Вид Филипповны, выступающей из тумана, – простоволосой, качающейся, простирающей руки вслед уходящей машине, привел мальчиков в такой трепет, что они живо, не сговариваясь, помчались огородами к реке, перепрыгивая через длинные гряды моркови, сигая между капустными кочанами, путаясь в картофельной ботве. Перебравшись через речку, они разбудили Машу и, вытаращив глаза, перебивая друг друга, рассказали ей о случившемся. Маша приказала сидеть тихо и отправилась в деревню и была там долго, а когда вернулась, уже припекало солнце. Рыбачить не хотелось, тянуло в сон. Но женщина велела ребятам собираться, и, наскоро позавтракав, они отправились в обратный путь. Шли теми же местами, но вчерашняя красота почему-то не очаровывала, попадающиеся грибы не радовали. Мальчики то и дело спотыкались на кочках, а Маша вся ушла в свои мысли. Она пыталась молиться, но мысли о ночном происшествии вторгались в мелодичный ряд молитвы, отвлекали.
Что же это? – думала она, уходя памятью назад, к первому в их доме аресту. Это был восемнадцатый год – тревожный и беспокойный. Но были ли после того более спокойные? Для их семьи уже не было. Но ведь и для города, и для окрестных деревень – тоже. Будто Гражданская война до сих пор не кончилась. Только ведется она теперь ночами, с безоружными людьми. Что могло случиться в Богом забытом Огаркове, чтобы там арестовали сразу нескольких здоровых молодых мужчин?
В таких раздумьях встретила Маша утро пятого августа тридцать седьмого года, еще не зная, что в эту ночь по всей стране курсировали «черные воронки» и серые продуктовые фургоны, высматривая давно намеченные жертвы. Словно зверь, напившийся крови в страшных двадцатых, вновь возжаждал и поднял голову.
Каким-то своим женским чутьем Маша Вознесенская догадывалась, что и сегодняшний арест, и давний расстрел закобякинцев, и гибель отца Федора, и брусника в овраге, почитаемом огарковцами за священный, – все это ноты из одной мелодии, и они звучали у нее в душе, трепетали в сердце, заставляя вкладывать в слова привычной молитвы новый, окрашенный болью смысл. И она, на ходу вытирая слезы, повторяла: «Царица моя преблагая, надежда моя Богородица, защитница сирым и странным, обидимым покровительница, погибающим спасение и всем скорбящим утешение, видишь мою беду, видишь мою скорбь и тоску…»

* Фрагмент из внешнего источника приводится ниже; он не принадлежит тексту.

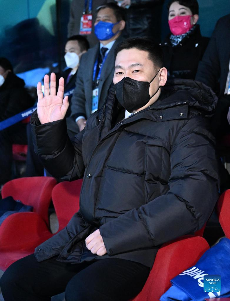 Mongolian Prime Minister Luvsannamsrai Oyun-Erdene waves during the opening ceremony of the 24th Olympic Winter Games at the National Stadium in Beijing, capital of China, Feb. 4, 2022. (Xinhua/Ma Ning)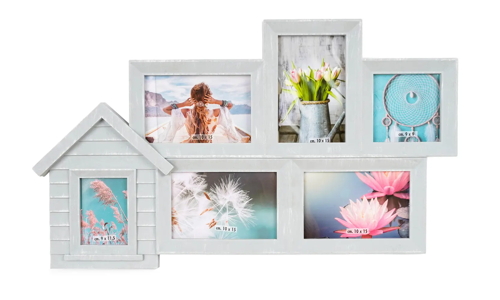 plastový rámček na 4 foto 10 x 15 cm, 1 foto 9 x 11,5 cm a 1 foto 9 x 9 cm, veľkosť rámčeka 55 x 32 cm, na zavesenie, fotografia je krytá plexisklom

Дошли до села. Вот вдалеке вчерашняя церковь на взгорке. Маша сняла рюкзак, опустила на землю резиновые сапоги.
– Отдыхайте, ребята, а я схожу в церковь. Не забоитесь одни?
– Чего ж нам бояться днем-то? – деловито отозвался Владик. По всему было видно, что предложение поспать ему понравилось. Оба мальчика тут же улеглись на теплую шелковистую траву и под равномерный шелест берез быстро сморились – бессонная ночь сказывалась.

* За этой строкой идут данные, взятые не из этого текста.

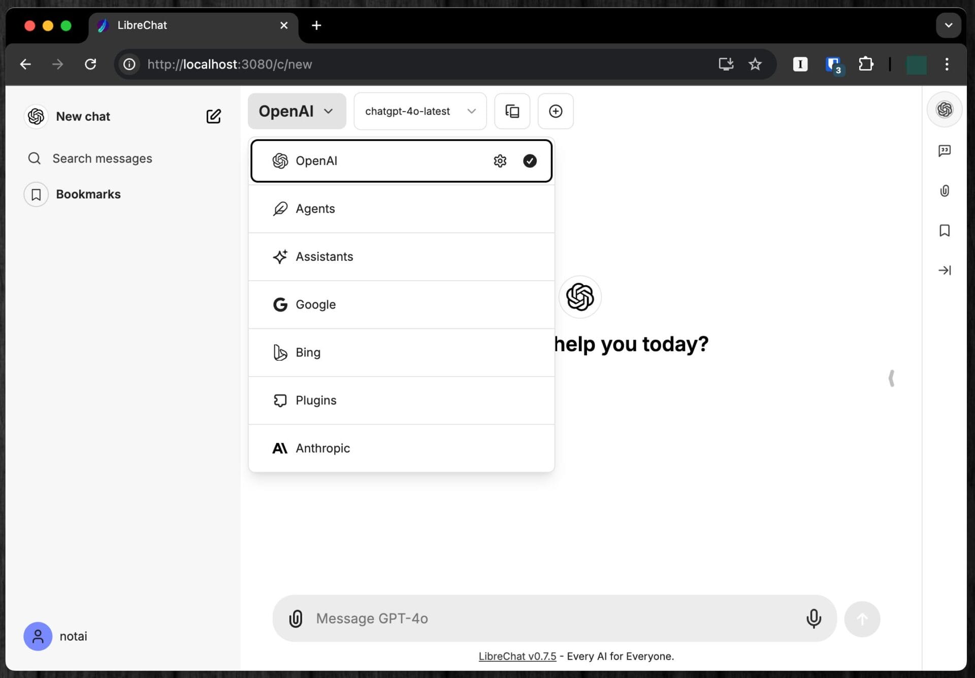 以上で、最新のアップデートが反映され、再びhttp://localhost:3080/にアクセスすることで、LibreChatが利用できる。

Маша направилась в церковь, ибо жаждала душевного равновесия. Она торопилась, предвкушая, как ступит в прохладу каменного притвора, где по стенам синевато-сиреневая роспись ярославских богомазов, а дальше – строгий ряд знакомых с детства ликов – Богоматерь, Спаситель, Николай-угодник, Серафим Саровский… Войдешь, и будто в доме у родных очутишься. Тепло польется с икон тебе в сердце, и молиться станет легко и радостно.
Издалека увидела – у церкви толпится народ. Обрадовалась – служба будет. Подошла поближе и заметила, что возле церкви происходит что-то странное. По одну сторону, у колокольни, стояла запряженная одноконная телега. У телеги топтался милиционер и курил, то и дело посматривая на центральную дверь. Там шевелился народ – бабы сокрушенно качали головами, вздыхали и крестились, мужики толкались, пытаясь проникнуть внутрь храма, что-то гневно выкрикивая. Но в храм их не пускали – загораживал вход второй милиционер. Он старался казаться невозмутимым и молчал, отворачиваясь, как бы не замечая волнения мужиков.
Но вот и он, желая смягчить обстановку, обратился к сельчанам с улыбкой:
– До чего ж вы темный народ, мужики. Где он, ваш Бог? Нету Бога-то, научно доказано!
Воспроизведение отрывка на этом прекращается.